New Dutch analysis has estimated that the prevalence of doping in elite sport is "likely" to be between 14 and 39 per cent - far above the level of adverse analytical findings turned up by anti-doping tests.
But the analysis also concludes that, while the tools to obtain a far more accurate gauge of true doping levels exist, published studies on the subject are "scarce".
Interviewed by insidethegames, one of the authors, Olivier de Hon, appealed to governing bodies to take the necessary steps to compile and publish information that would permit a fuller picture to emerge.
"Our conclusion is that 14-39 per cent is the best available estimate at the moment," De Hon, scientific affairs manager at the Dopingautoriteit, the Dutch national anti-doping organisation (NADO), said.
"If governing bodies were more active and transparent in this area, we should be able to build a much better idea of the true prevalence of doping in elite sport."
It is now more than three years since David Howman, director general of the World Anti-Doping Agency (WADA), told a clean competition conference in New York that while analytical findings suggested that the prevalence of doping was about one-two per cent, "recent studies suggest double digits".
Without a more accurate reading, however - and in particular an idea of whether prevalence is rising or falling - it is almost impossible to judge how effective the current policing apparatus really is, whether money is being well spent and if the inconvenience and indignity routinely visited upon competing athletes is worth the trouble.
De Hon and his colleagues, Harm Kuipers and Maarten van Bottenburg from the universities of Maastricht and Utrecht, believe that the impact on athletes imposes a degree of moral responsibility on authorities to act.
As explained by De Hon, the new analysis bases its estimate on two studies that used contrasting methods to reach their conclusions.
The first used blood readings from approximately 7,000 tests of more than 2,700 elite track and field athletes taken between 2001 and 2010, compared them with readings taken from groups of known dopers and known non-dopers, and estimated that some 14 per cent of tested athletes had an elevated haemoglobin level.
This means they were likely to have engaged in some sort of blood manipulation.
De Hon emphasised that this exercise covered blood doping only and made no attempt to gauge steroid use.
A steroid passport has now been launched by anti-doping authorities, suggesting that a similar attempt to measure steroid abuse may be possible within a few years.

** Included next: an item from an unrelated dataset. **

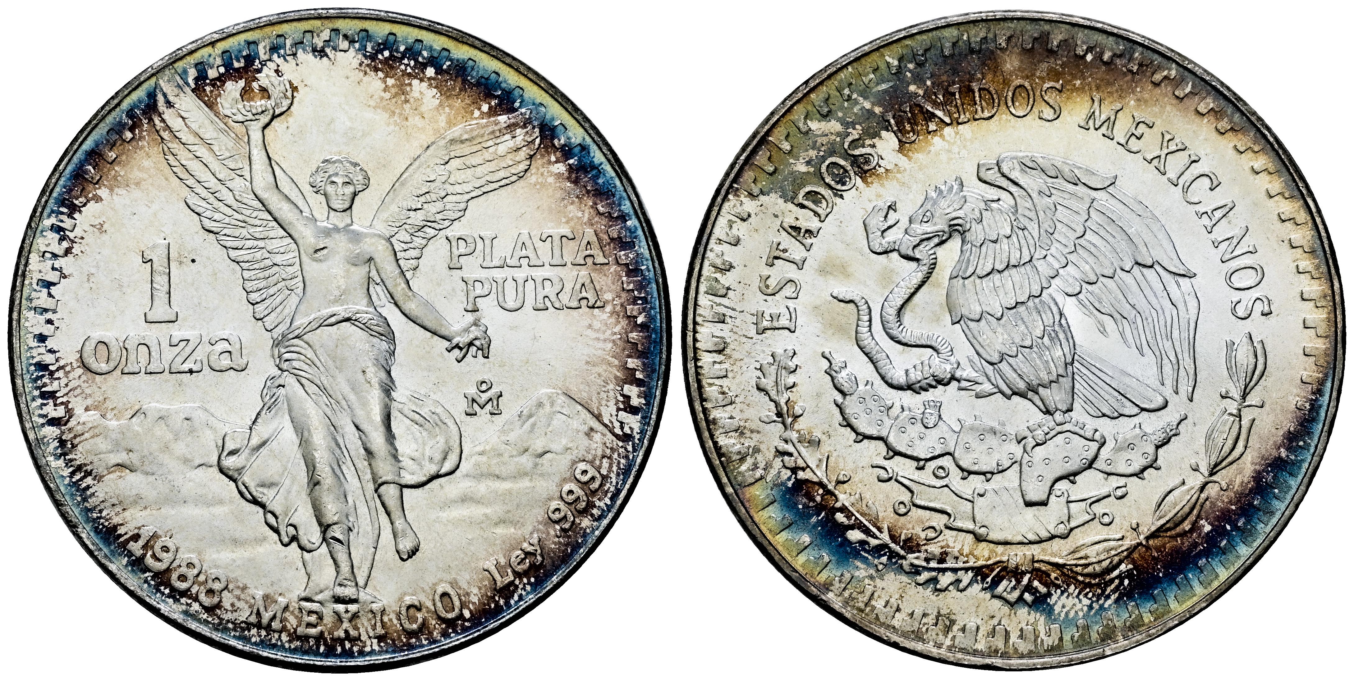 Mexico. 1 ounce. 1988. Mexico. (Km-494.1). Ag. 30,96 g. Beautiful slightly iridescent patina. Mint state. Est...60,00.

The second study drawn on by De Hon and his colleagues used the so-called Randomised Response Technique (RRT) of posing questions to a group of more than 400 German Olympic-level athletes in 2007.
The principle of RRT is that you endeavour to compensate for likely reluctance to answer a direct question candidly by coupling the sensitive query with another that is harmless and whose range of responses can be mathematically deduced.
In its simplest guise, you might ask your sample to toss a coin.
You then ask individuals to respond "Yes" if their coin turned up heads or if they have resorted to doping.
In a large sample, you know that the proportion throwing heads will approximate to 50 per cent and can accordingly work out how many individuals responded "Yes" because of the doping question.
According to De Hon, in this exercise, the proportion who admitted doping was estimated at 20-39 per cent.
While doping prevalence studies are rare, De Hon, who has worked in anti-doping for 15 years, said that others had been conducted without their results having been made public.
He appealed to those responsible to publish their findings.
He also disclosed that a RRT study is currently being conducted among Dutch national elite athletes.
He suggested it might one day also be possible to gauge athlete usage levels of certain drugs via chemical analysis of the sewage systems at training centres and the like.
A full account of the analysis - Prevalence of doping use in elite sports: a review of numbers and methods - was published in Sports Medicine, dated January 2015.